■ **Activity**
Going line by line through the records below, write out everything starting with the line containing "Glow In The" and going on through the line containing "H. Familie (Luc.2:14), kz.", exactly and inclusively. Pictures do not go in.

■ **Provided records**
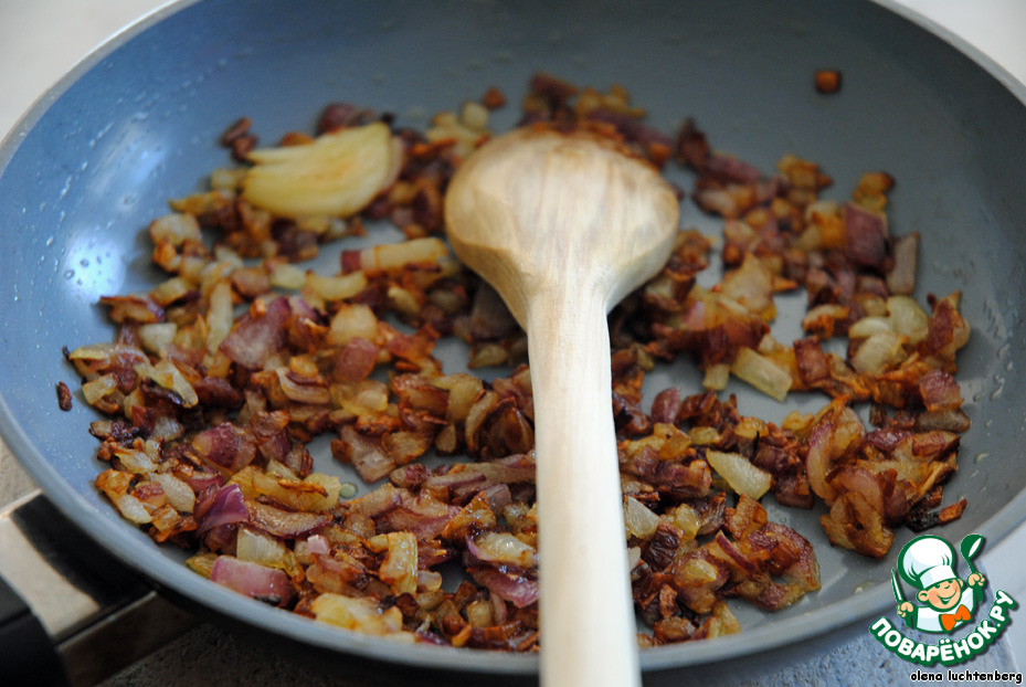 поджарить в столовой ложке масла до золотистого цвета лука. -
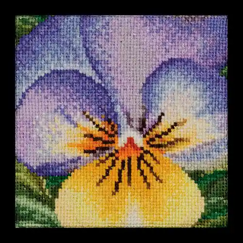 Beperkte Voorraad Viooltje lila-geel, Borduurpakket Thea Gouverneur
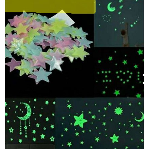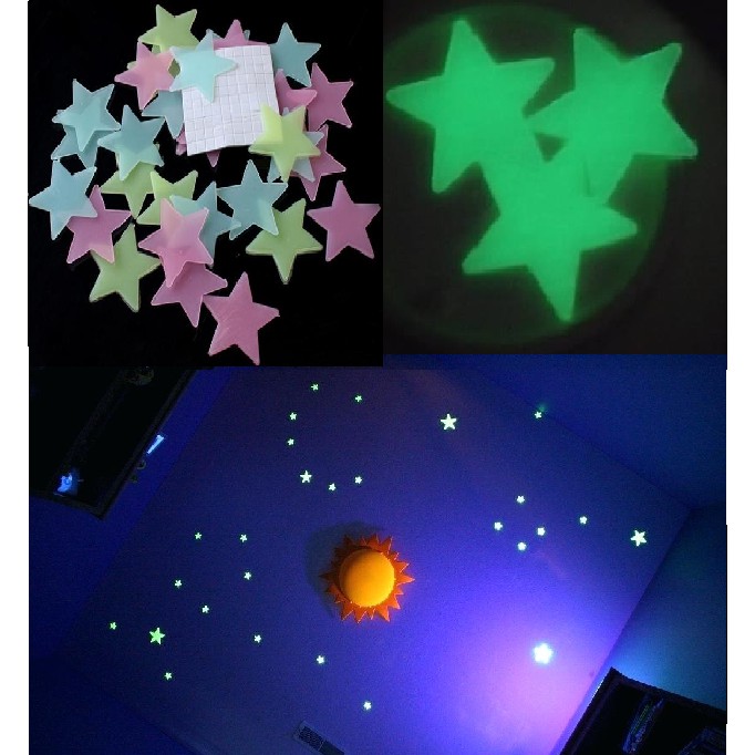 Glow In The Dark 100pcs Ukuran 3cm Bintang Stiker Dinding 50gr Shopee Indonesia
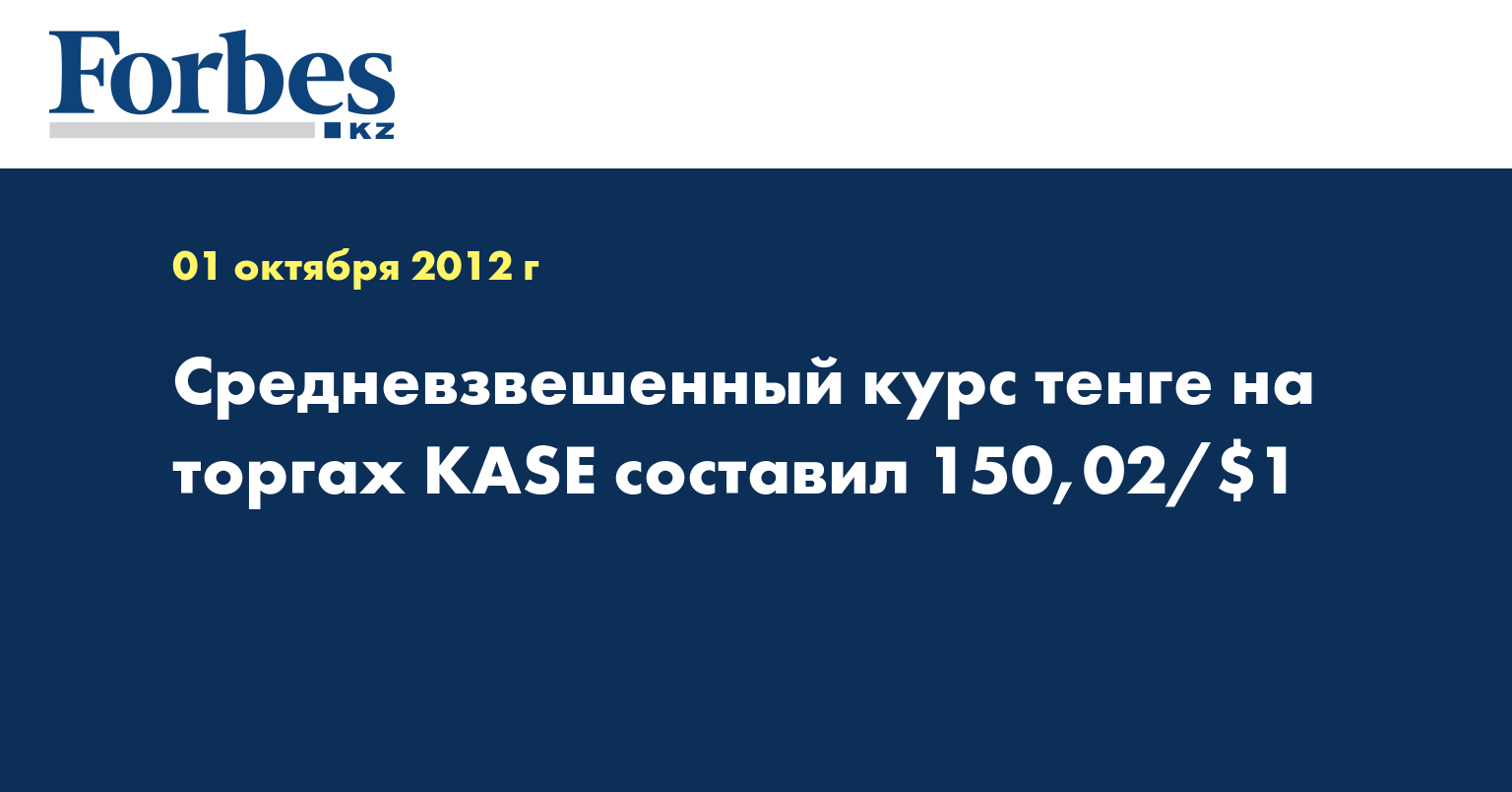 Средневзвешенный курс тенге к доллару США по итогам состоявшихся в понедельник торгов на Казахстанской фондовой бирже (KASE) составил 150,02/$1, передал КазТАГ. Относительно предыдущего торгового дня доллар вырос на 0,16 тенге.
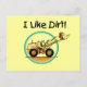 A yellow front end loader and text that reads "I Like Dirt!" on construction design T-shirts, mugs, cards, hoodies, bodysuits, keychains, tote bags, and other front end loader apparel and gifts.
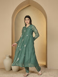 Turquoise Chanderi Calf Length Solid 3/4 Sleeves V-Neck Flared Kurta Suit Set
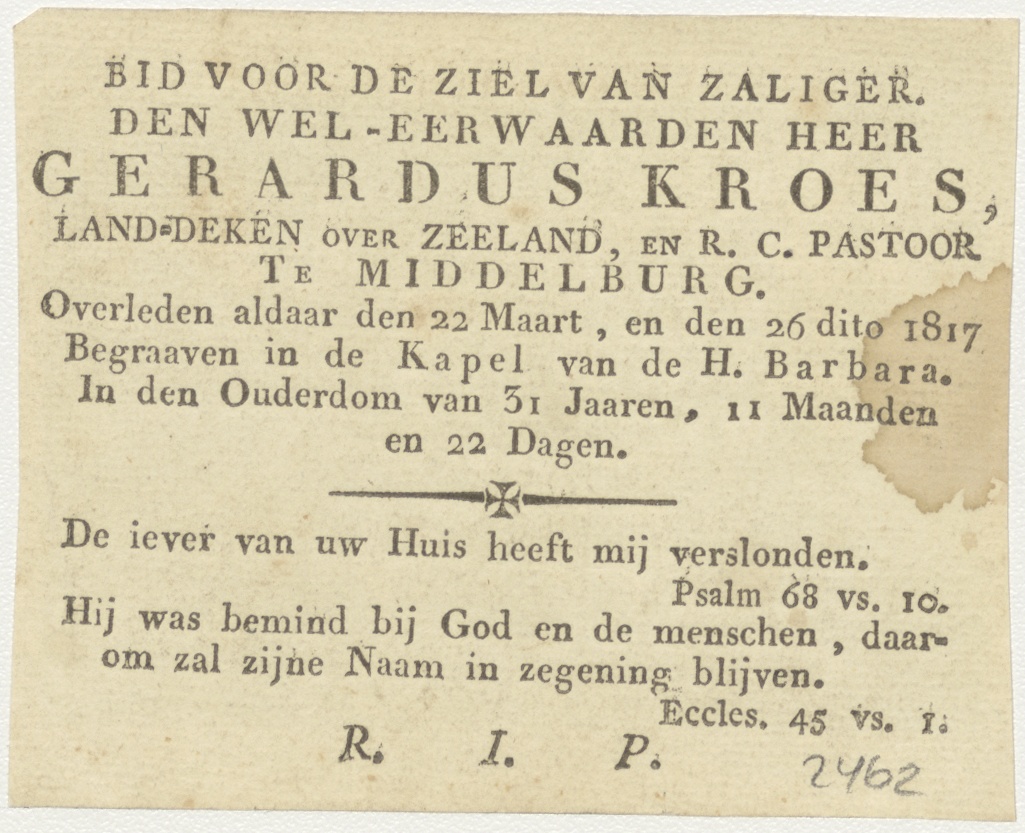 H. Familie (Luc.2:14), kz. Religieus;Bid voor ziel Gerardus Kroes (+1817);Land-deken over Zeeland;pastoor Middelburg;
* * *
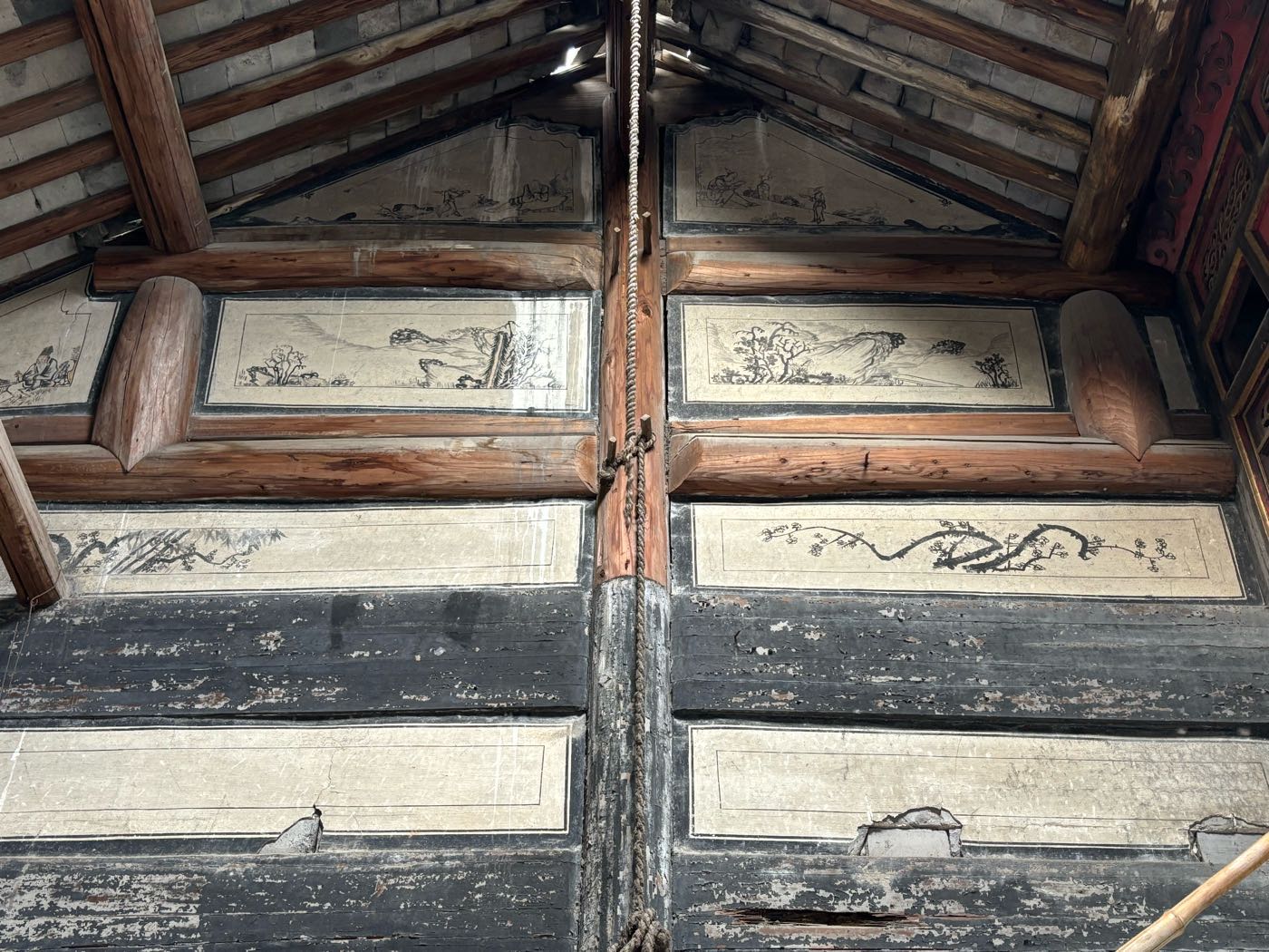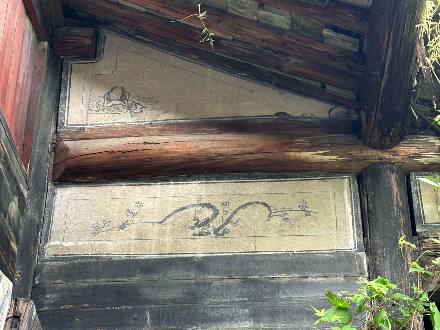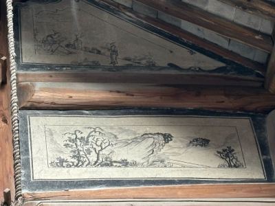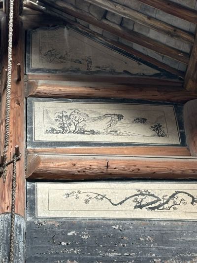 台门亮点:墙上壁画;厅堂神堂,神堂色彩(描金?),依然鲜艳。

■ **Response below**
 Glow In The Dark 100pcs Ukuran 3cm Bintang Stiker Dinding 50gr Shopee Indonesia
 Средневзвешенный курс тенге к доллару США по итогам состоявшихся в понедельник торгов на Казахстанской фондовой бирже (KASE) составил 150,02/$1, передал КазТАГ. Относительно предыдущего торгового дня доллар вырос на 0,16 тенге.
 A yellow front end loader and text that reads "I Like Dirt!" on construction design T-shirts, mugs, cards, hoodies, bodysuits, keychains, tote bags, and other front end loader apparel and gifts.
 Turquoise Chanderi Calf Length Solid 3/4 Sleeves V-Neck Flared Kurta Suit Set
 H. Familie (Luc.2:14), kz. Religieus;Bid voor ziel Gerardus Kroes (+1817);Land-deken over Zeeland;pastoor Middelburg;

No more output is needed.